The Writer’s Center welcomes Dr. Laura H. Kahn to celebrate the release of her book, One Health and the Politics of COVID-19, published by Johns Hopkins University press. Dr. Kahn will be in conversation with investigative reporter Emily Kopp.
For almost 15 years, Laura Kahn, a physician, was a research scholar with the Program on Science and Global Security at the Princeton School of Public and International Affairs, Princeton University. She is a co-founder of the One Health Initiative, a global movement that promotes the health of all species. She is the author of, Who’s in Charge? Leadership during epidemics, bioterror attacks, and other public health crises, originally published in 2009 by Praeger Security International. In 2020, a second edition was issued with a new preface discussing leadership during the COVID-19 pandemic. Her second book, One Health and the Politics of Antimicrobial Resistance, was published in June 2016 by Johns Hopkins University Press. In 2014, the American Association of Public Health Physicians awarded her with a Presidential Award for Meritorious Service, and in 2016, the American Veterinary One Health Society awarded her with their highest honor, the K.F. Meyer-James H. Steele Gold Head Cane Award, for her work in One Health.

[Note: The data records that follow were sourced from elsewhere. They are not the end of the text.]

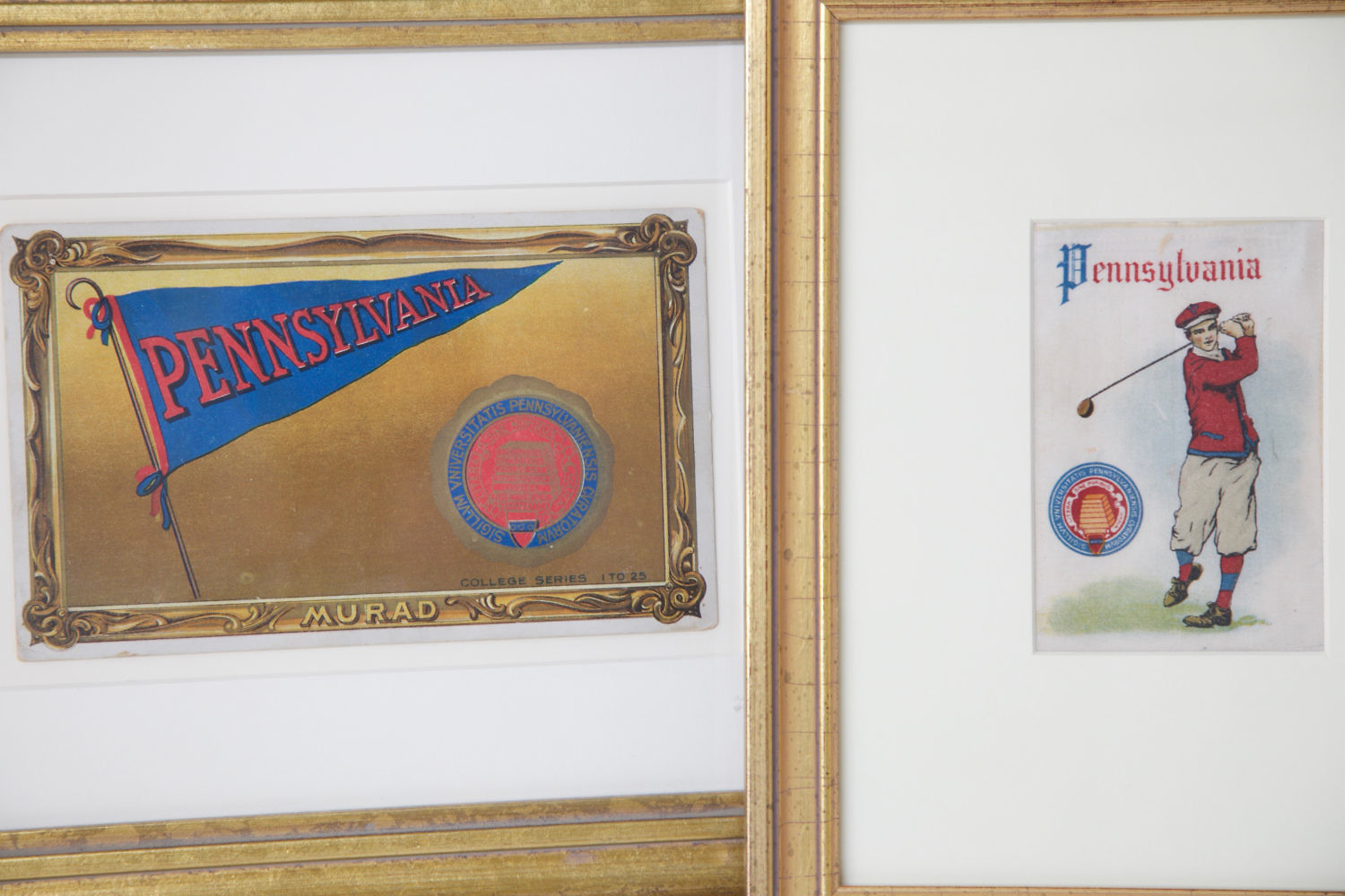 Two 19th Century Pennsylvania Cigar Silks, in gilt frames, one depicting a golfer, the other a University pennant, “College Sereies 1 to 25”
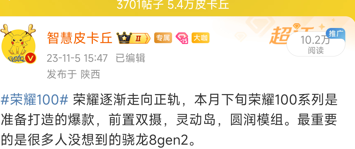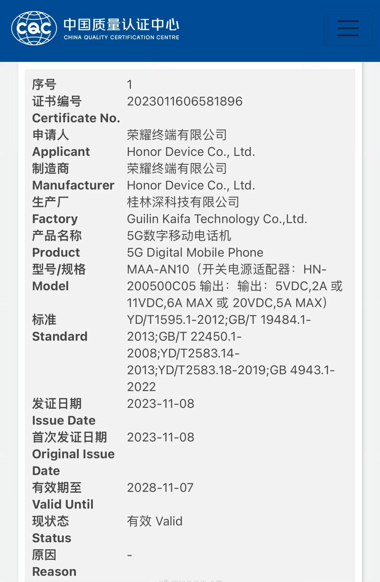 #荣耀100# 荣耀100系列入网了,100w快充,超长续航。11月23号发布。
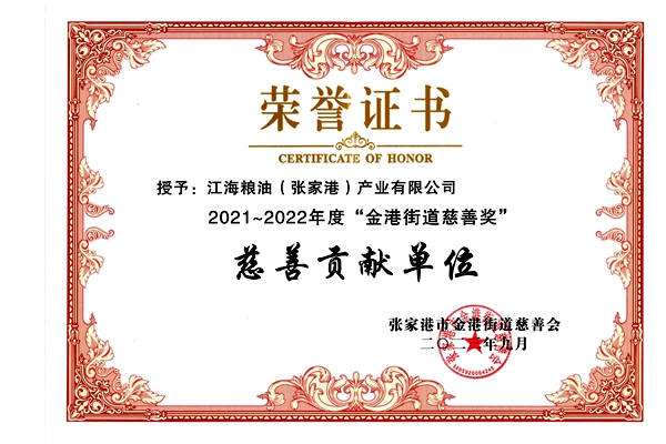 会上,张家港产业公司荣获“2021~2022年度金港街道慈善奖——慈善贡献单位”荣誉称号。
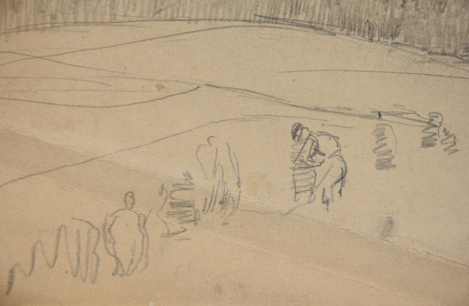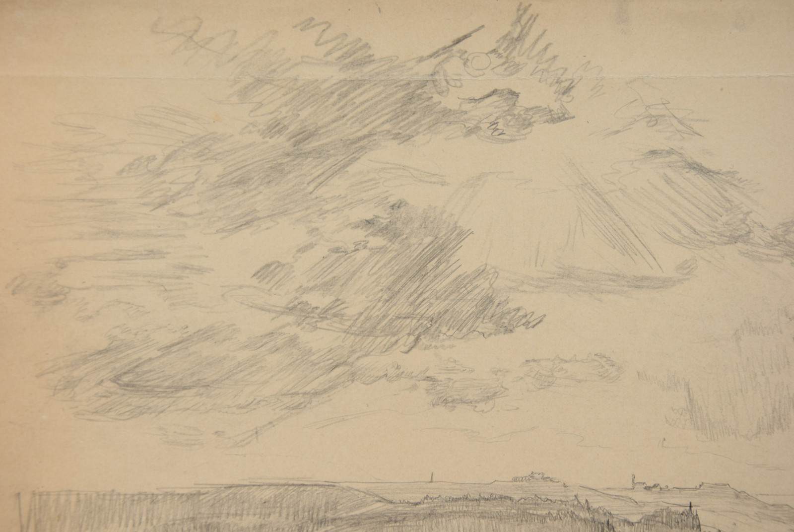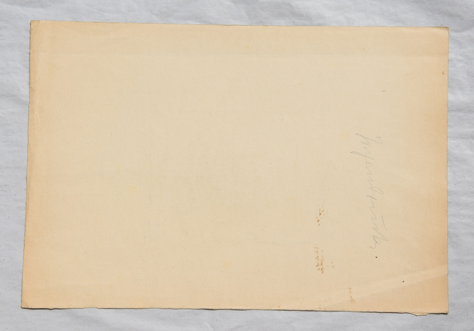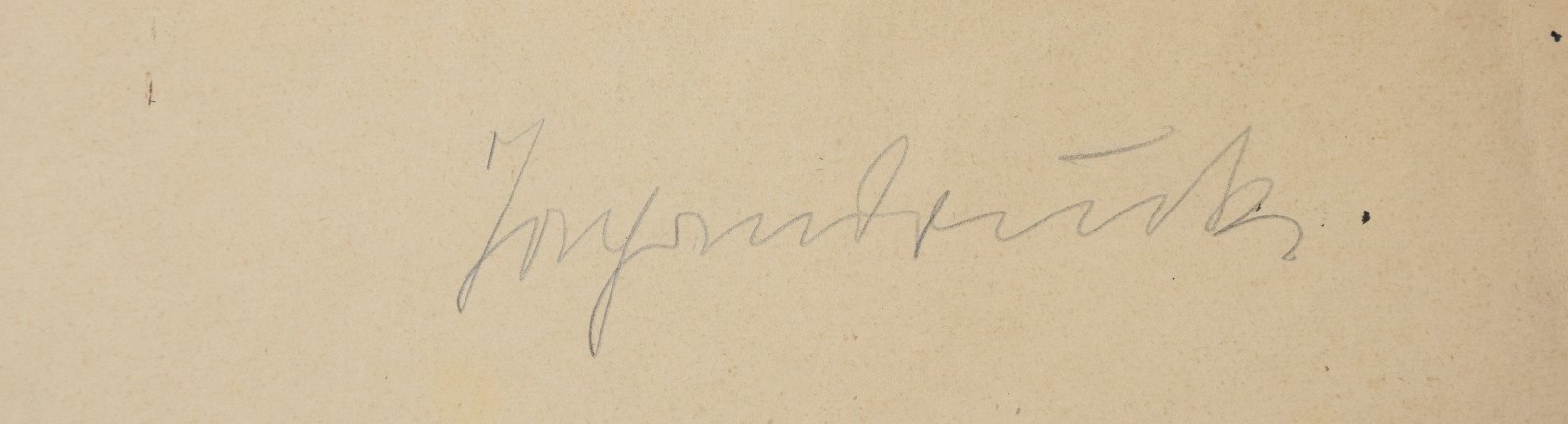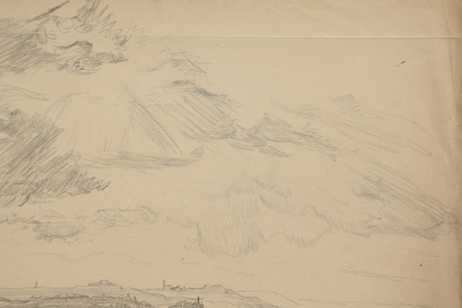 im oberen Bereich mit durchgehender horizontaler Knickspur; im Eckbereich unten links Knickspuren; die vier Ecken etwas bestoßen; am unteren Rand Abrissspuren; rechter Rand etwas bestoßen und mittig mit Quetschung; insgesamt leicht nachgedunkelt und etwas gebräunt; leichte Druckstellen im Blatt; verso etwas fleckig; verso rechts braunfleckig und in Blei bez.
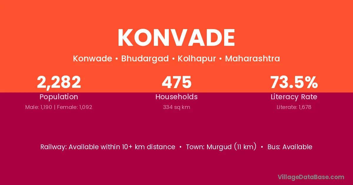Murgud (11 km) is the nearest town to Konvade village for major economic activities and is located approximately 11 km away.
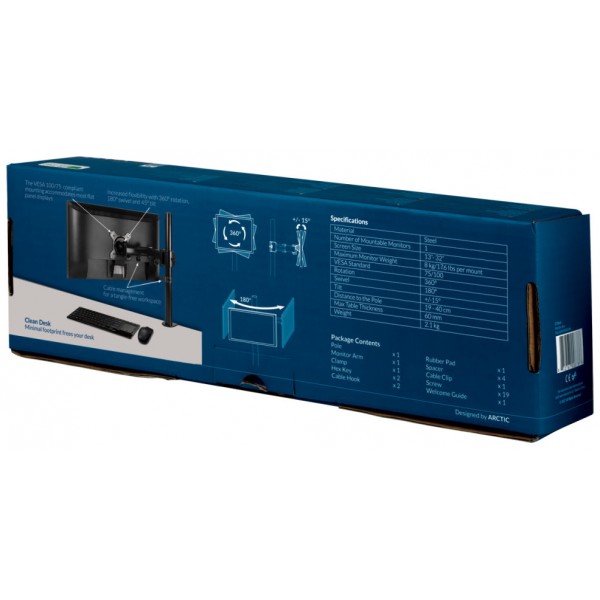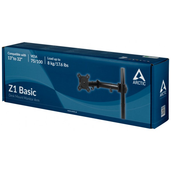 ARCTIC Z1 Basic. Montaje: Abrazadera, Adecuado para: Monitor de ordenador, Capacidad máxima de peso: 8 kg, Tamaño mínimo de pantalla: 33 cm (13"), Tamaño máximo de pantalla: 81,3 cm (32"), Compatibilidad con interfaz de montaje (min): 75 x 75 mm, Compatibilidad con interfaz de montaje (max): 100 x 100 mm. Ángulo de inclinación: -15 - 15°. Color del producto: Negro

Emily Kopp, an investigative reporter, uses the Freedom of Information Act to uncover stories about one of the most consequential events of our lifetimes. She has written about issues affecting American health care for a decade and has published in news outlets around the world, including CQ Roll Call and Kaiser Health News.
About the Book
One Health and the Politics of COVID-19 unpacks the mysteries of COVID-19’s origins to impart important lessons for future outbreaks. The One Health concept recognizes the interconnected links among the health of humans, animals, plants, and the environment. By comparing the history, science, and clinical presentations of three different coronaviruses—SARS-CoV-1, MERS, and SARS-CoV-2 (COVID-19)—Kahn uncovers insights with important repercussions for how to prepare and avoid future pandemics. The One Health approach provides a useful framework for examining the COVID-19 pandemic. Understanding the origins of this zoonotic disease requires investigating the environmental and molecular biological factors that allowed the virus to spread to humans. The book explores the many ways in which the wild animal trade, wet markets, and the camel industry contributed to the spread of the earlier SARS-CoV-1 and MERS coronaviruses. For SARS-CoV-2 (COVID-19), Kahn examines the biosafety, biosecurity, and bioethics implications of gain-of-function research on pandemic potential pathogens. This book is a must read to understand the geopolitics of the COVID-19 pandemic.